The SURVEYPHREG Procedure

Overview: SURVEYPHREG Procedure

The SURVEYPHREG procedure performs regression analysis based on the Cox proportional hazards model for sample survey data. Cox’s semiparametric model is widely used in the analysis of survival data to estimate hazard rates when adequate explanatory variables are available. The procedure provides design-based variance estimates, confidence intervals, and hypothesis tests concerning the parameters and model effects. See Chapter 3: Introduction to Statistical Modeling with SAS/STAT Software, and Chapter 14: Introduction to Survey Sampling and Analysis Procedures, for an introduction to the basic concepts of survey data analysis; see Chapter 13: Introduction to Survival Analysis Procedures, for an introduction to the basic concepts of survival analysis.

The survival time of each member of a finite population is assumed to follow its own hazard function, $\lambda _{i}(t)$, expressed as

\[ \lambda _{i}(t)=\lambda (t;{\bZ }_{i}(t)) = {\lambda _0}(t) \ \exp ({\bZ }’_{i}(t)\bbeta ) \]

where $\lambda _{0}(t)$ is an arbitrary and unspecified baseline hazard function, ${\bZ }_ i(t)$ is the vector of explanatory variables for the ith population unit at time t, and $\bbeta $ is the vector of unknown regression parameters.

The finite population regression parameter $\bbeta _ N$ is defined as the maximizer of the partial log likelihood when the entire finite population is observed.
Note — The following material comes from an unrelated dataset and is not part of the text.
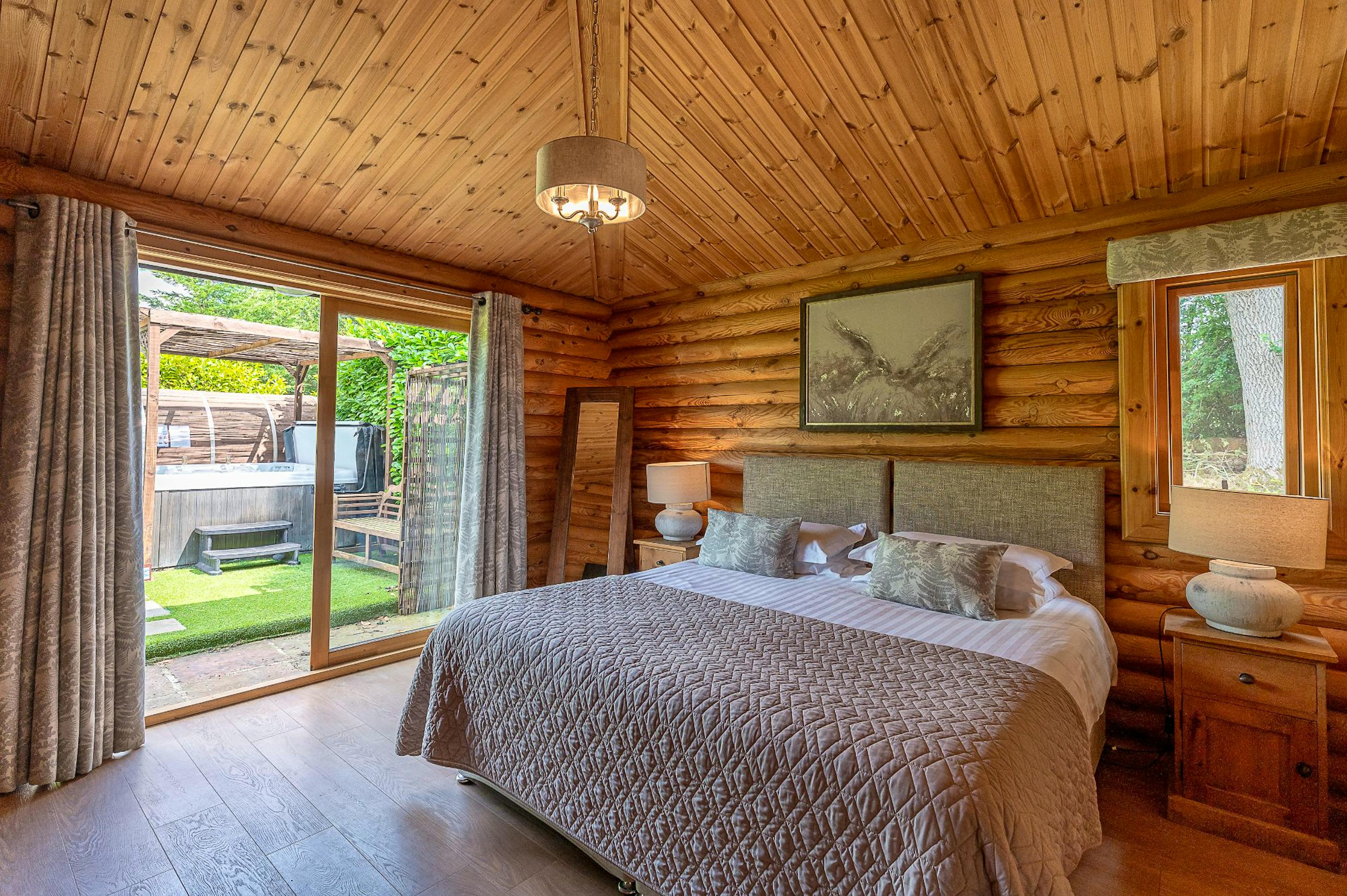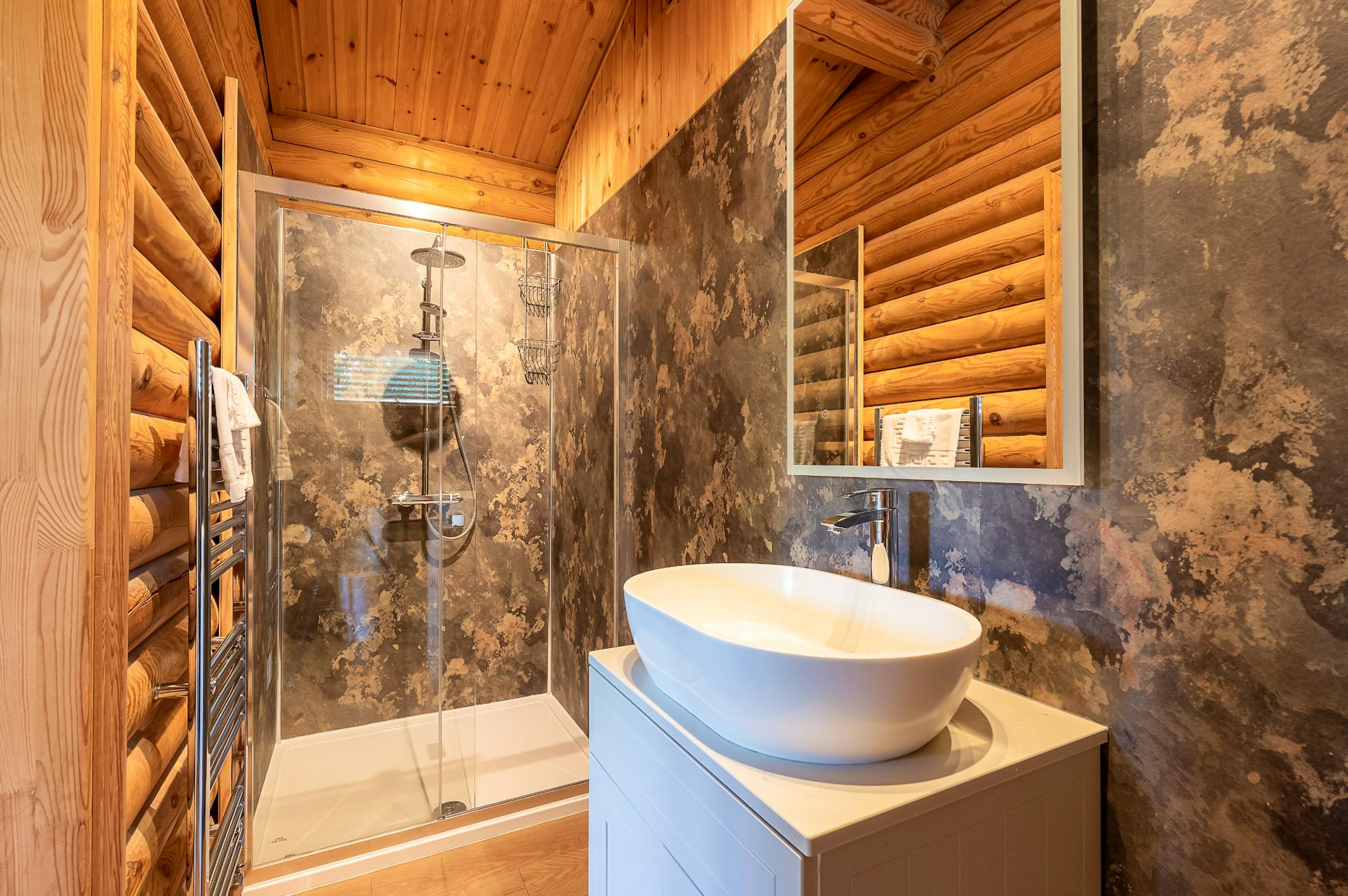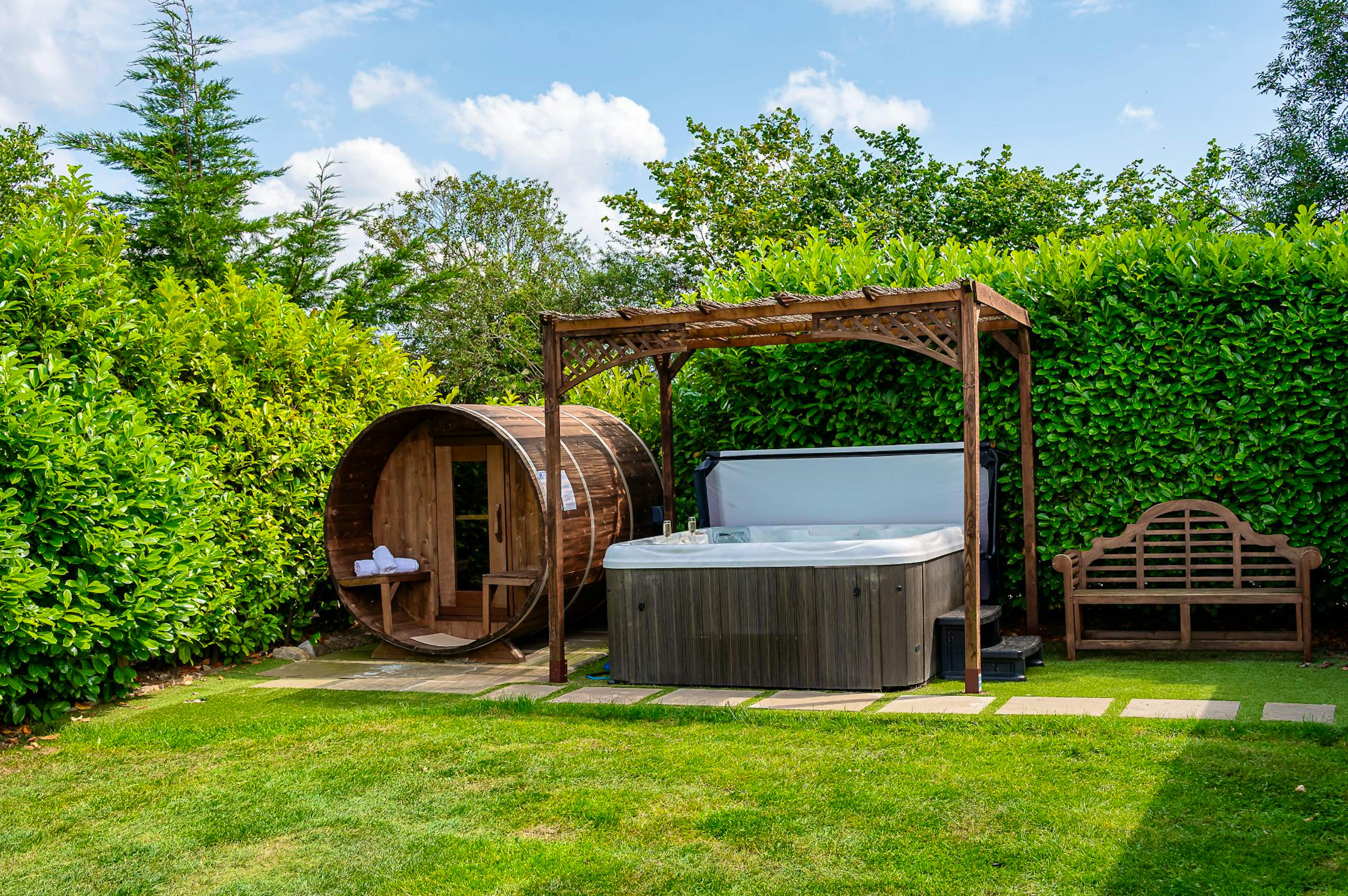 Two-bedroom dog-friendly lodge with private hot tub, traditional Scandinavian barrel sauna and invigorating outdoor shower for a spa-like escape.

The SURVEYPHREG procedure produces a sample-based estimate $\hat\bbeta $ of the proportional hazards regression parameters $\bbeta _ N$ for the finite population by maximizing the partial pseudo-log-likelihood $l_\pi (\bbeta ;{\bZ }_ i(t),t_ i)$ based on observed covariates ${\bZ }_ i(t)$ and observed survival time $t_ i$. The procedure also produces an estimate of the sampling variance ${\text {V} (\hat\bbeta | \mathcal{F}_ N) }$, which assumes that the values of the finite population $\mathcal{F}_ N$ are fixed. For statistical inference, PROC SURVEYPHREG incorporates complex survey sample designs, including designs with stratification, clustering, and unequal weighting.

The procedure also allows time-dependent explanatory variables. An explanatory variable is time-dependent if its value for any given individual can change over time. Time-dependent variables have many useful applications in survival analysis. You can include time-dependent variables such as blood pressure or blood chemistry measures that vary with time during the course of a study. You can also use time-dependent variables to test the validity of the proportional hazards model.

Several optimization techniques are available in SURVEYPHREG to maximize the log likelihood. Hazard ratio estimates can also be obtained along with parameter estimates. Sampling errors of the regression parameters and hazard ratios are computed by using either the Taylor series (linearization) method or one of the replication (resampling) methods that are based on complex sample designs (Binder 1983; Wolter 2007; Särndal, Swensson, and Wretman 1992; Binder 1992; Lohr 2010; Fuller 2009). These variance estimators essentially assume the finite population as fixed and estimate the variability due to the random sample selection mechanism.

The remaining sections of this chapter contain information about how to use PROC SURVEYPHREG, information about the underlying statistical methodology, and some applications of the procedure. The section Getting Started: SURVEYPHREG Procedure introduces PROC SURVEYPHREG with an example. The section Syntax: SURVEYPHREG Procedure describes the syntax of the procedure. The section Details: SURVEYPHREG Procedure summarizes the statistical techniques employed in PROC SURVEYPHREG. The section Examples: SURVEYPHREG Procedure includes some additional examples of useful applications. Experienced SAS/STAT software users might decide to proceed to the "Syntax" section, while other users might choose to read both the "Getting Started" and "Examples" sections before proceeding to "Syntax" and "Details."